The basic problem is that at the beginning of the 21st century we continue to register and tax assets solely on the basis of real estate, using the methods and cadastres established at the beginning of the 19th century. If we do not provide ourselves with the means to change this state of affairs, then the scandals will continue, with the risk of a slow disintegration of our social and fiscal pact and the inexorable rise of every man for himself.

The important point is that registration and taxation of property have always been closely linked historically. Firstly, because registering one’s property provides the owner with an advantage (that of benefiting from the protection of the legal system), and secondly, because only minimal taxation can make registration truly compulsory and systematic.

Moreover, the ownership of assets is also an indicator of the taxpaying capacity of individuals, which explains why the taxation of assets has always played a central role in modern tax systems, in addition to the taxation of the income stream (which can sometimes be manipulated downwards, especially for very rich asset holders, as Pro Publica has shown).

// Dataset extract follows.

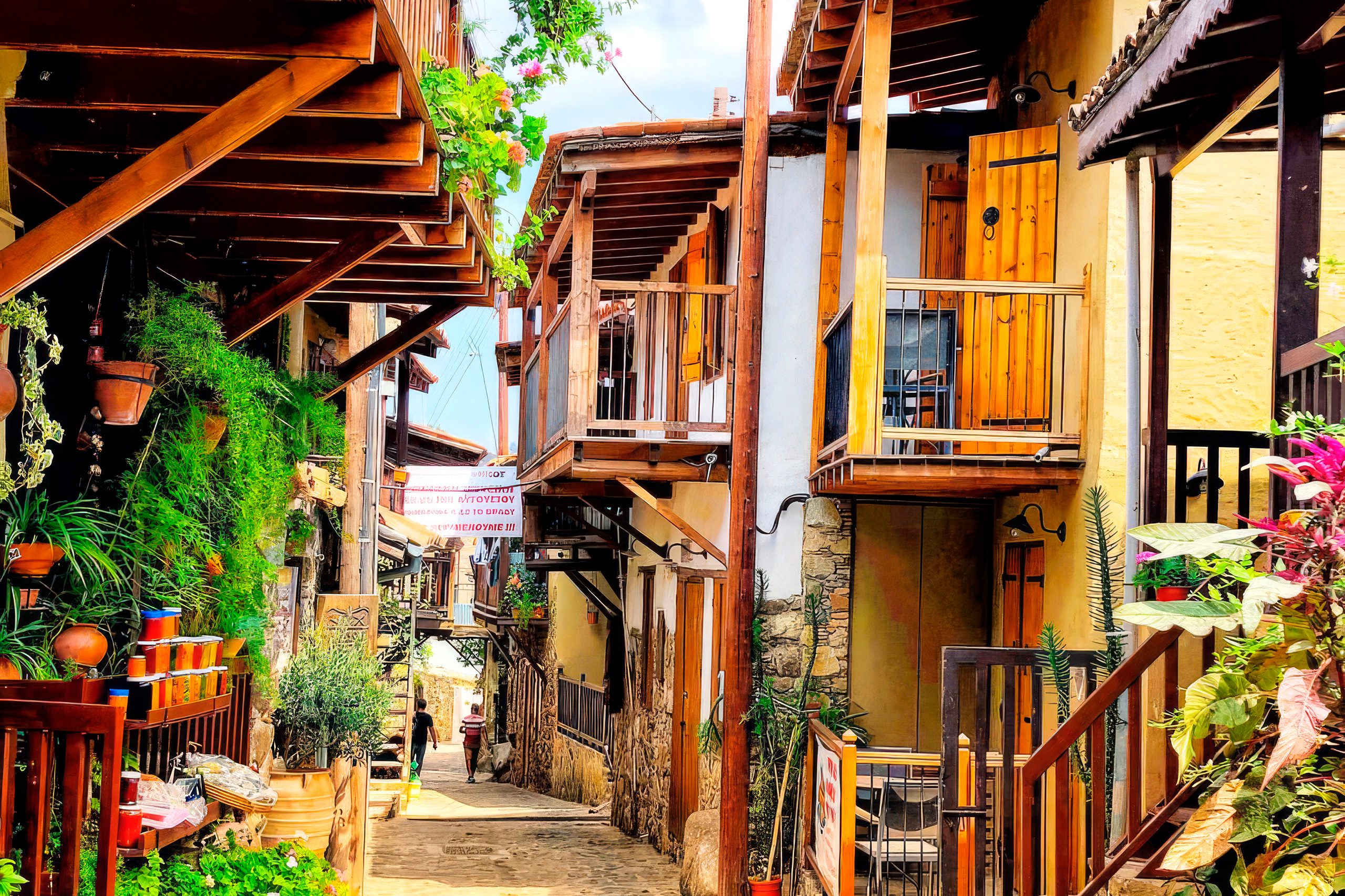 Kakopetria preserves one of the finest examples of traditional mountain architecture. The old quarter features stone houses with wooden balconies, built close together along narrow cobblestone alleys. Roofs nearly touch, creating covered passages that provide shade while allowing air circulation. This dense construction pattern dates to Byzantine times and served multiple purposes beyond cooling, including defense and efficient land use on steep slopes.

By setting up a centralised register for all real estate assets, both housing and business property (farmland, shops, factories, etc.), the French Revolution also instituted at the same a system of taxation based on asset transactions (transfer duties, still in force today) and above all on asset ownership (with the taxe foncière). In France, as in the United States and in almost all rich countries, the taxe foncière or its Anglo-Saxon equivalent, the property tax, continues to represent the main tax on wealth (around 2% of GDP, approximately 40 billion euros in annual revenue in France). Conversely, the absence of such a system for registering and taxing housing and business assets explains the hypertrophy of the informal sector in many countries of the South and the subsequent difficulties in implementing income taxation.

The problem is that this system of registration and taxation of assets has hardly changed for two centuries, even though financial assets have become increasingly important. The result is an extremely unfair and unequal system. If you own a house or a business asset worth 300,000 euros, and you are in debt to the tune of 290,000 euros, then you will pay the same taxe foncière or property tax as someone who has inherited the same property and also has a financial portfolio of 3 million euros.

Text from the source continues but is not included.